Here are 4 tips for completing your creative projects. Give them a try!

1. Hold the intention to complete your creative projects.

Many creatives who suppose that they want to complete their creative projects are actually harboring more reasons for leaving their work unfinished than reasons for completing their work. You, too, may have many reasons for wanting to leave your creative projects unfinished. One counter to all those reasons is a strong intention to finish the work you start. With each new project say, “I intend to finish this!” Naturally some projects will deserve to be abandoned and some will prove too difficult to complete.
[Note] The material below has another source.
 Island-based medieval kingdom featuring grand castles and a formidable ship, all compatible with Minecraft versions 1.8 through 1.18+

Those hard realities, however, are not reasons to hold anything less than an abiding desire to complete what you start.

2. Recognize that completing your creative projects is a challenge in its own right.

Even if you want to complete your creative projects, even if you are manifesting no self-sabotaging energy or negative thoughts, completing them may remain a real challenge. Making something good isn’t easy and making something great is that much harder. If creating an excellent thing were easy, we would see many more masterworks. But completing even quite ordinary creative work is hard in its own right: getting to the end of your novel, your mural or your symphony isn’t easy, whether it is great or ordinary or even less than good. Accept this reality and counter it with effort and energy.
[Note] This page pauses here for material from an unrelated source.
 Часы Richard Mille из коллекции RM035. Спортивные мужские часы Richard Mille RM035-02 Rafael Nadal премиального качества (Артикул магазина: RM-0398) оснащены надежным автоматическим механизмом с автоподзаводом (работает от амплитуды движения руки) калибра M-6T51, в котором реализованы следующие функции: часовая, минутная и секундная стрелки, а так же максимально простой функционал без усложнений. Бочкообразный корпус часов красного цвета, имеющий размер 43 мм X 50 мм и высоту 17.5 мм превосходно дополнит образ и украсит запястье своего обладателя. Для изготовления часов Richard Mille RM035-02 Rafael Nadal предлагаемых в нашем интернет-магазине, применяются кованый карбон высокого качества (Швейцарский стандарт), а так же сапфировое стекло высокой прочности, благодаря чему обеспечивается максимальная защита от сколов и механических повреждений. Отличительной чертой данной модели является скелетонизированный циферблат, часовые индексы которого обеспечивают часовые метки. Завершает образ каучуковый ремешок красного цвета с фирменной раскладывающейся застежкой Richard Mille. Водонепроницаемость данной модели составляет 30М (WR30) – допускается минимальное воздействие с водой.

3. Get clear on why you aren’t completing your creative projects.

If you’re in the habit of not completing your creative projects, figure out why. There may be one persistent reason; there may be several persistent reasons; or each project may be its own situation. Maybe self-doubt always enters the equation. Maybe it’s a fear or loathing of the marketplace. Maybe it’s a lack of organization and a chaotic way of being that, as the work grows, causes you to throw up your hands and surrender to the chaos and disorganization. Maybe it’s last-minute self-censorship and an inchoate desire to hide. Maybe the work is regularly poorly constructed and fails to meet your own standards. The possible reasons are legion. It is your job to figure out what’s going on and what’s keeping you from completing projects.

4. Use your existential intelligence as an aid in completing.

Use your existential intelligence and your native ability to think about meaning and life purpose as an aid in helping you complete your creative projects. When you get clear that finishing your creative work provides you with the psychological experience of meaning and meets your life purpose intentions, you have more reasons for completing than just making beautiful things or making things that sell. By putting completing your creative projects in the category of life purpose choice, you provide yourself with more motivational energy to finish and deeper reasons for finishing.